Ameya Ilangovan-Arya, Freelance writer

     In her latest poetry collection, The Hurting Kind, Ada Limón leads her readers through a springtime of hope and growth, a summer of desire and pain, a fall of melancholia and loneliness, and a winter of reflection and remembrance, in a life-changing journey through the natural world — and human nature. Using everyday encounters to express raw emotions, she is whimsical and survivalist like a groundhog, vibrant like a New Mexico whiptail, half-destroyed and still living like a madrone tree.

     Limon seduces readers with lush imagery, creative personification, and parallelism, writing emotionally impactful and brilliantly structured poems with sudden twists and turns of phrase. Although her poems express raw, pure emotion — Invasive specifically will knock the wind out of you — they follow a careful formula. Her strategy: a sequence of concrete and descriptive detail, personification of flora or fauna, a jaw-dropping personal anecdote, and, finally, a powerful, abstract, mysterious conclusion that connects back to the beginning. 

     Now and then, a phrase will jump from the page as she speculates on life (“What good is accuracy amidst the perpetual scattering that unspools the world”), ponders memory (“…is it time that moves in me now?”), or preemptively mourns (“…to say I weep is untrue / weep is too musical a word”), bedazzling readers with her unique perspective.

     Exactly halfway through the book, in her poem Calling Things What They Are, she admits to the reader that, like many young, tortured artists, she “thought suffering kept things interesting” yet implies that suffering is mundane compared to the myriad beautiful plants and animals that we share our world with and the significance that we project onto them. 

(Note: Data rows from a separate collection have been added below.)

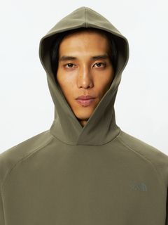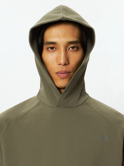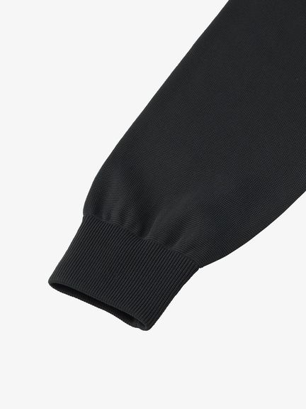 伸縮性が高く軽量なニット生地のフーディタイプの汎用性が高いスポーツウエアです。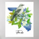 A poster decorated with mockingbird on a tree filled with orange blossoms on the state shape hand illustrated with ink and watercolor. Inspired by the state bird and state flower of Florida. Great souvenir and home decor of the Sunshine State!
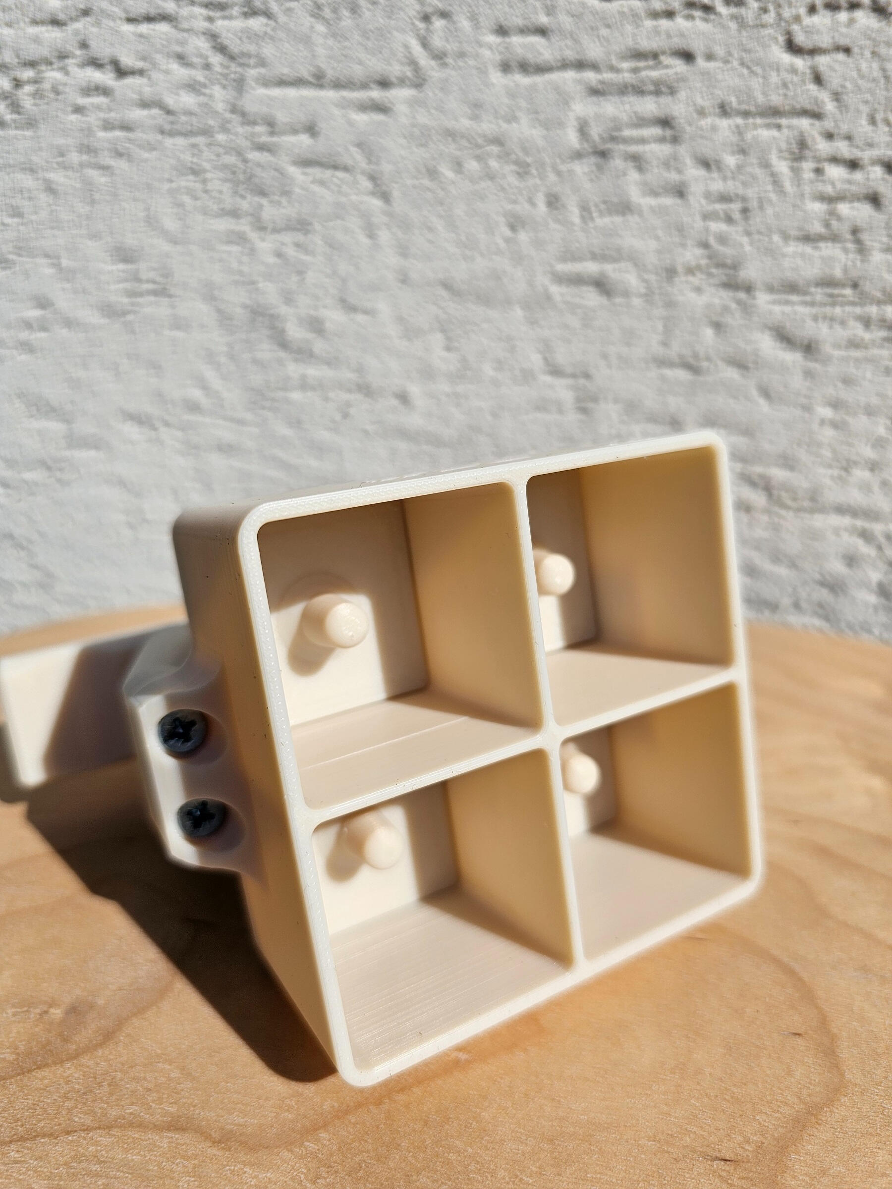 Kockovač je vyrobený technológiou 3D tlače z materiálu ASA, ktorý zaručuje veľmi dobré mechanické vlastnosti, odolnosť voči poveternostným vplyvom ako aj UV žiareniu. Použité kovové komponenty so zinkovou povrchovou úpravou sú prísľubom dlhej životnosti.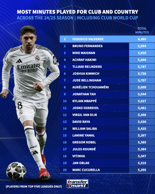 北京时间7月22日,德国《转会市场》给出了欧洲足坛上赛季球员出场时间排行榜,有趣的是,榜一大哥并非来自于欧冠冠军大巴黎,或是世俱杯冠军切尔西,而是皇马的巴尔韦德,他甚至比其他任何球员都至少多踢了500分钟左右的比赛。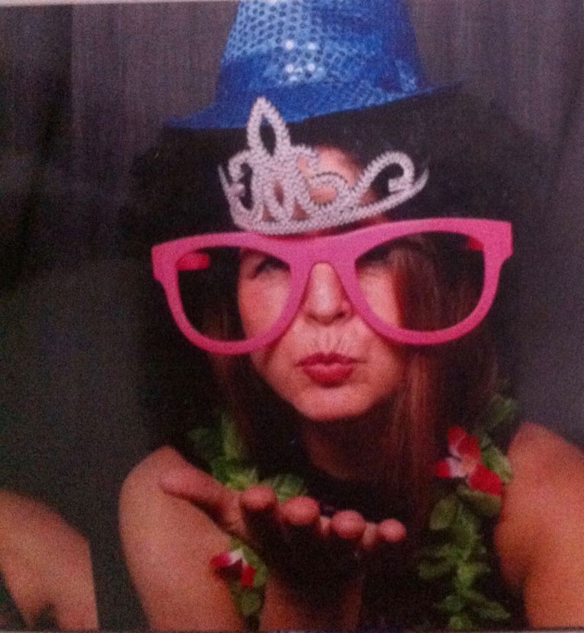 TOVERHEKS.COM , vrouw met grote bril, kushandje geven, tiara, hoed en pruik, bleoemenslinger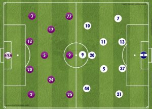 The match got off to a lively start with both teams being given licenses to attack however it was the men in purple who made the most of the space being given to them as they created a number of opportunities within the first ten minutes. It was mainly Argentine, Giovanni Simeone who was on the end of the chances due to his movement creating problems for Inter’s backline but he couldn’t make the most of them. Positive start to the game overall.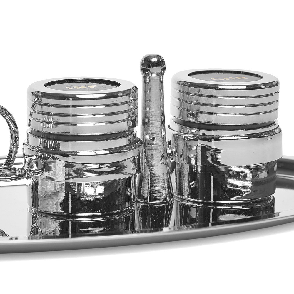 Set per il rito battesimale realizzato in ottone nichelato. Il set è comprensivo di vassoio, 2 vasetti di oli crisma e catecumeni, una piccola conchiglia e un tovagliolino.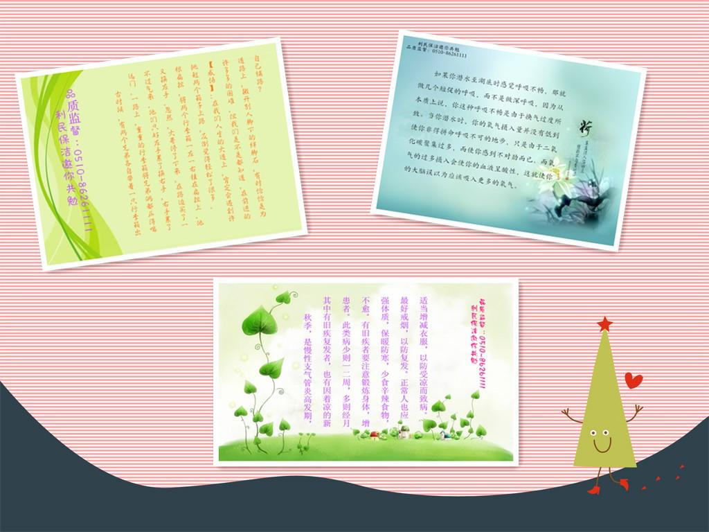 利民保潔在針對(duì)宣傳這一塊,有著自己的堅(jiān)持和卓著,不僅和多家網(wǎng)絡(luò)媒體合作,更擁有著自己的網(wǎng)絡(luò)宣傳團(tuán)隊(duì)。小編不巧就是其中一員,近期小編又在著手做一些宣傳的小圖片。記得做第一張樣品拿去塑封時(shí),被人當(dāng)成是小學(xué)生的作品,讓小編深感汗顏。后來(lái)翻閱無(wú)數(shù)前輩的“巨作”,小編總算略有“領(lǐng)悟”,順利做出幾張圖片后,小編也是非常高興的。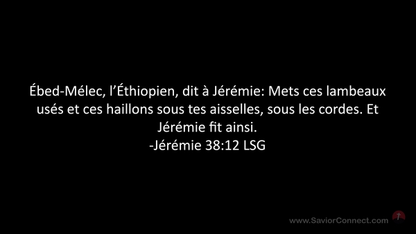 Ébed-Mélec, l'Éthiopien, dit à Jérémie: Mets ces lambeaux usés et ces haillons sous tes aisselles, sous les cordes. Et Jérémie fit ainsi. -Jérémie 38:12 LSG
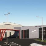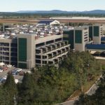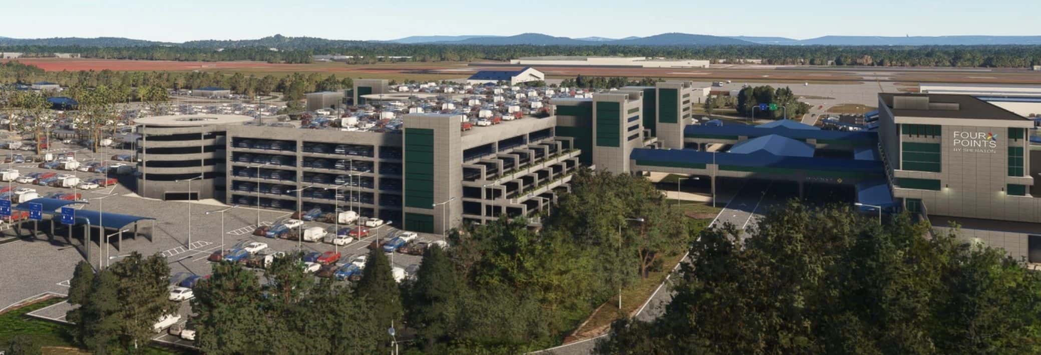 The terminal ramp area is at a higher elevation than the hotel and garage, This was not modeled in the scenery due lack of enough data to attempt it. If someone is willing to take on this task I am willing to provide the models or I can use their input to adjust my models to fit.

     She takes the time to acknowledge the plants and animals she encounters, questioning the ideals she projects onto them and learning their names — she always deals in specifics. Not just a tree, but an American linden; not just a yellow flower, but a fig buttercup; not just a lizard, but a New Mexico whiptail. By recognizing their discrete identities, she expresses respect for the natural world and writes profound and specific metaphors. 

     Writing: a form of expression, of communication, of catharsis and healing. In this unique volume, a thin yet bursting 100 pages, Limón takes an unflinching look at the suffering in her life and turns away from it; she instead chooses to write her poems about joy. Through nature, she combines visceral pain with joyful healing in a new perspective that is sorely needed.

     In times of darkness, nihilism is the default, leading countless skilled writers and artists to eloquently express their pain and hopelessness. What sets Ada Limón’s The Hurting Kind apart is that she chooses not to dwell on heartbreak, although she acknowledges the unavoidable pain and difficulties that she has faced; instead, she chooses to embrace what gives her joy.